This post was written by Megan Zavieh and originally published on on April 4, 2014.

Managing trust accounts – handling other people’s money – is one of the most sensitive things lawyers do, and one of the most common sources of ethical violations. You must know the rules.

Common Rules

Every state has its own set of rules, but the basics that are common to most:

Opening a trust account: Check your state rules for details on how a trust account must be held. It probably needs to be held in the state (no matter your physical location) and bear certain words in the title of the account (such as “attorney-client trust account”). Follow the rules to the letter.

Receiving retainers: When a client provides you with an up-front retainer before fees are earned, immediately deposit it in your trust account. You may not put money received for unearned fees in any other place, including your firm’s operating account.

Withdrawing funds: As soon as you earn fees, take them out of your trust account. Funds held in the trust account belong to the client and should be withdrawn. This does not mean you have to withdraw fees on a daily basis, but you do need to send out regular bills and you should be withdrawing earned fees from the trust account each period. This should really be done monthly.

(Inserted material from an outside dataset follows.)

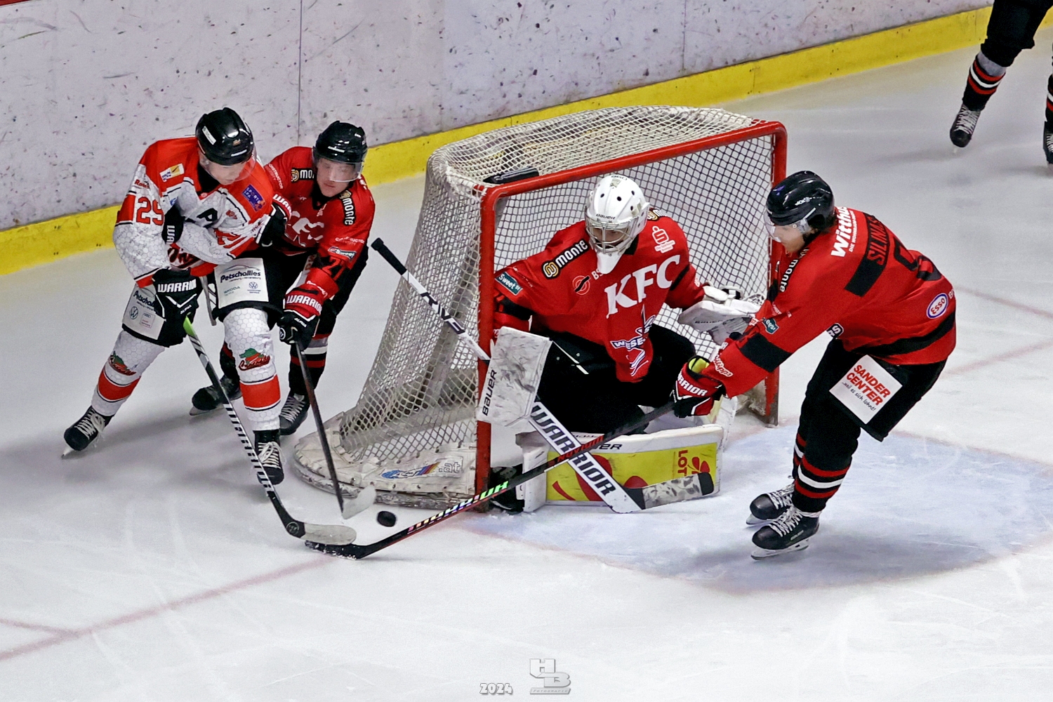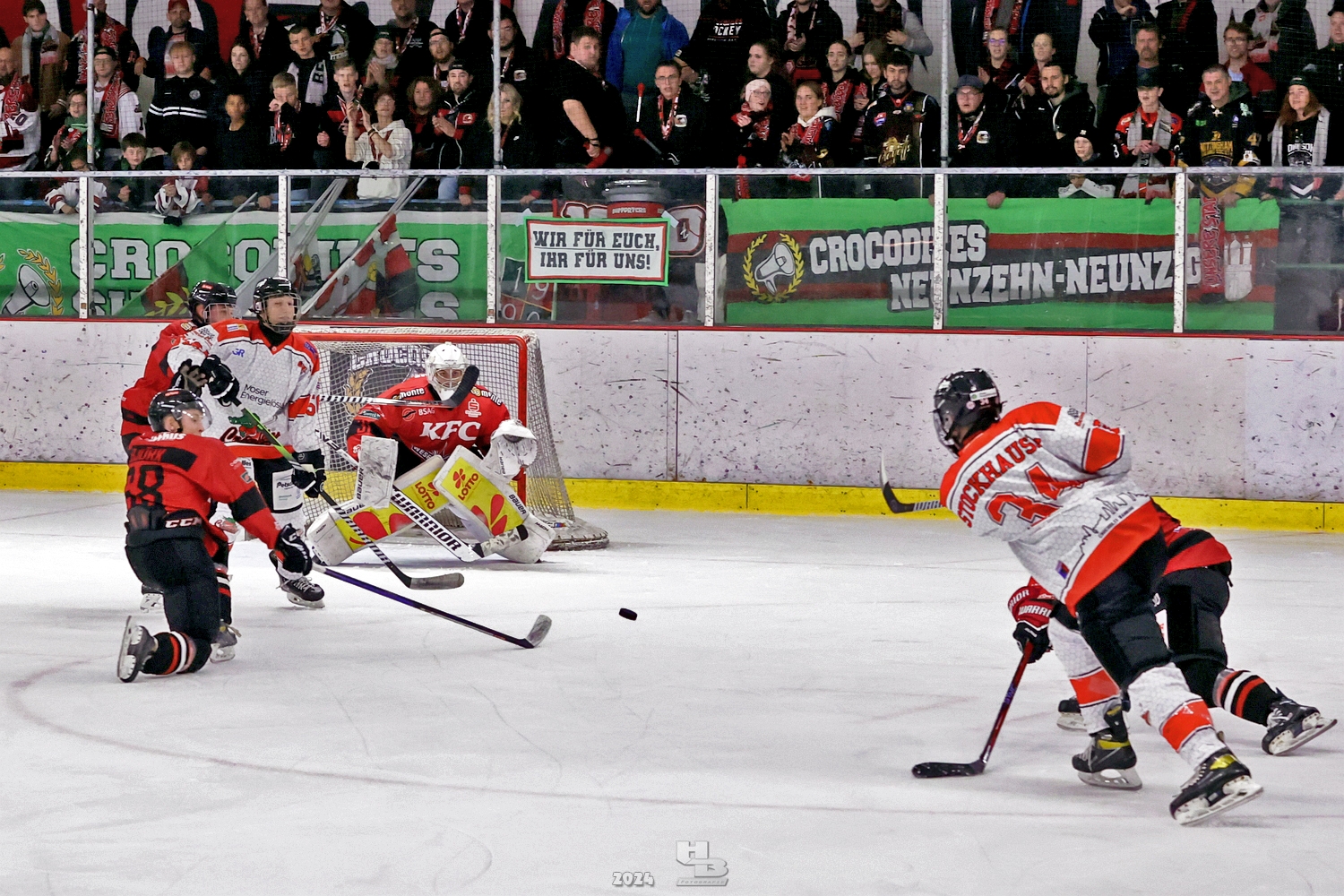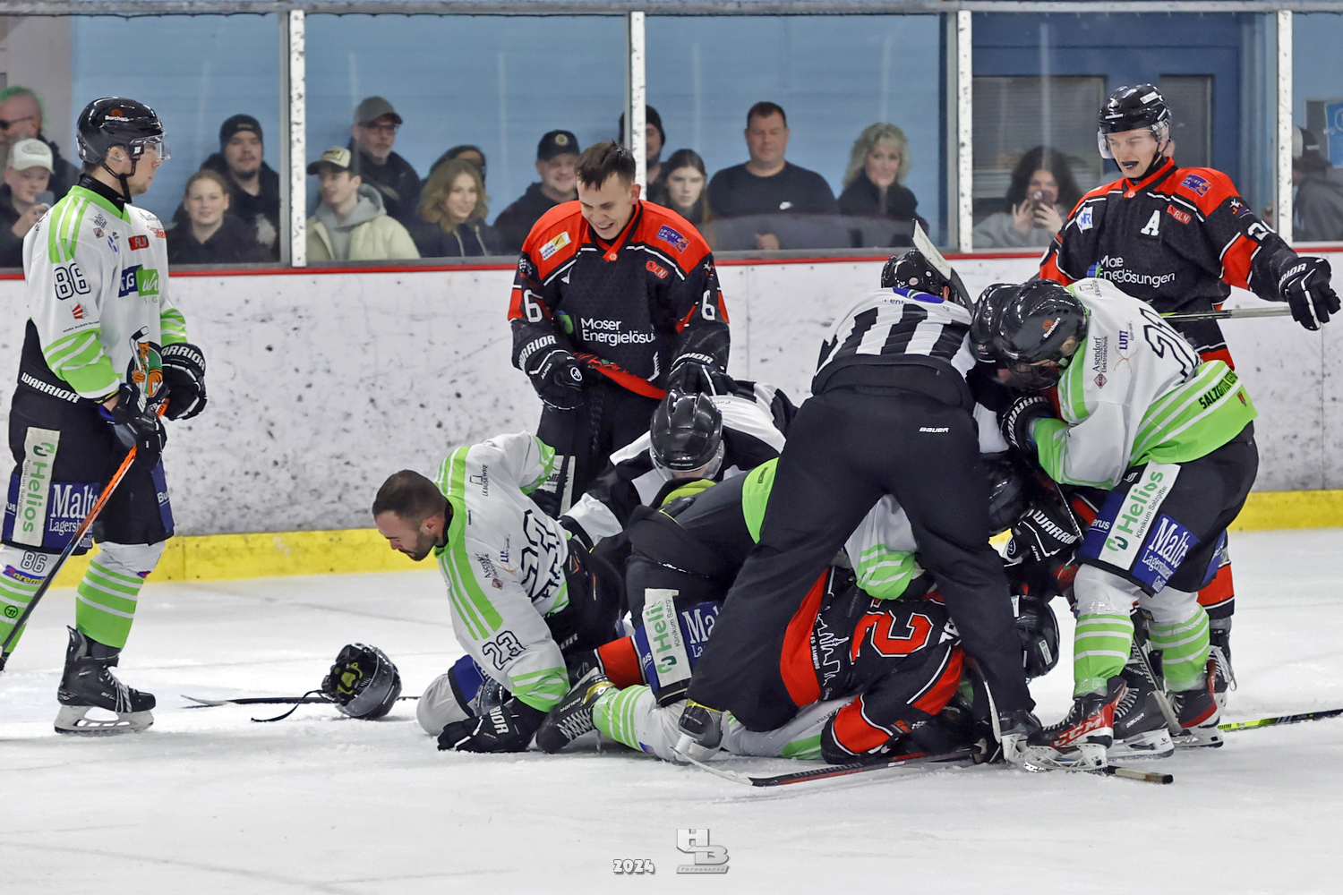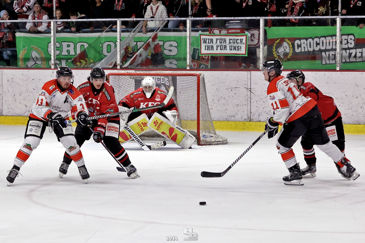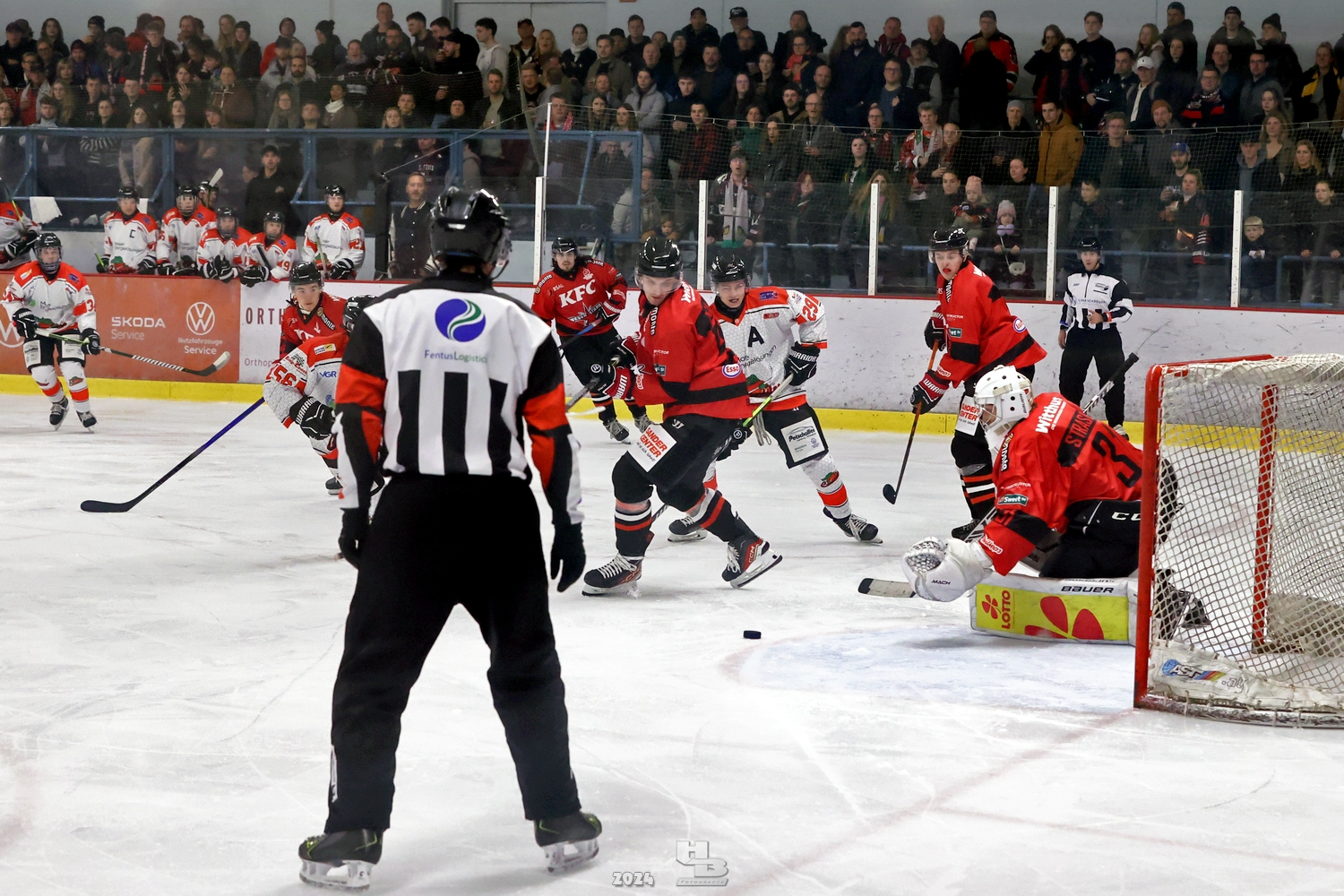 Als klarer Underdog ging es am Sonntagabend vor heimischer Kulisse aufs Eis. Das Team der Crocodiles zeigte vor 946 Zuschauern, dass sie aus den Fehlern des ersten Spiels gelernt haben. Trotz zweier wichtiger Ausfälle in der Verteidigung konnten Lenny Reik und Dominik Samrei die fehlenden Miguel Boock und Kevin Grasmik gut ersetzen.

Related: Essential Law Firm Billing Best Practices (Regardless of Firm Size)

Receiving fees already earned: If a client’s bill exceeds the amount held in trust and the client pays the balance after the fees have been earned, the check should not go into your trust account.

Disputed fees: If you are holding money in trust and you think you have earned fees that should be paid from that money, but you know that the client disputes your bill, do not take the fees out of the trust account. Any disputed fees must remain in your trust account until the matter is resolved. However, if some portion of the money held in trust is undisputed, you should take that portion out. Consider this situation:

You receive $10,000 from the client as a retainer. You work for the client and generate an invoice with a balance of $8,000. Before you take funds out of trust to pay this invoice, the client calls and says they think your bill is too high, and that they only owe you $7,000.

You should immediately withdraw the $7,000 as undisputedly earned, but leave the $2,000 not-yet earned and the $1,000 disputed amount in your trust account until the dispute is resolved.

But what do you do when you have earned a fee, withdrawn the funds from trust to pay it, and then the client disputes the fee? In California, there is no rule that says you must return the now-disputed funds to trust. However, a recent unpublished decision of the State Bar Court Review Department stated that the attorney should have returned the funds to trust when the dispute arose, even though the funds had been undisputed at the time they were withdrawn. Absent clarification or a clear rule by your state that such an obligation exists, if this situation arises you should contact your ethics regulator to ensure compliance with your applicable rules.

Refunds: If the client demands return of money in trust and you have no claim to the funds for fees, immediately return it. In the example above, the $2,000 not-yet earned should be immediately refunded upon demand.

Segregation of funds: The general attorney trust account is for relatively-small amounts from many clients. Even though the money is in one bank account, it belongs exclusively to client who deposited it. This means that you cannot commingle the funds of one client with the funds of another, even though they are residing in one account. If a client provides you with $1,000 to hold to pay costs and his costs add to $1,200, you may not “borrow” $200 from another client’s funds in trust account to pay the bill.

Related: Paying Yourself from an IOLTA: How to Avoid an Ethics Complaint

Holding large sums: If one client gives you a lot of money to hold in your trust account (consider “a lot” to be an amount well in excess of the advance fees of your other clients), look at your state rules for opening a separate account for that client. You may be able to open a completely separate account where the client receives the interest on the funds held.

Getting Educated

Make sure you are educated on your state’s rules. Check your state bar or local bar association for training on trust accounting for your area. Some states offer trust accounting class that is usually required if you have been brought up on an ethics violation relating to handling client funds, but it is also valuable preemptive education.

Consequences Are Severe

The consequences for mistakes in trust accounting are severe. Ethics regulators tend to think attorneys have acted with moral turpitude rather than ignorance or confusion when a trust accounting violation occurs. Some states have standards that a trust account balance dropping below the amount that should be held for clients is deemed misappropriation. It is an uphill battle to show a lack of intent to misappropriate client funds, and the attorney’s defense is basically a showing that they lack skills and organization to manage their client’s funds – not something most of us want to try to prove!

So get educated, know your state rules, and keep up with any changes in those rules. Set up a system of trust accounting to ensure ongoing compliance and avoid ethics charges.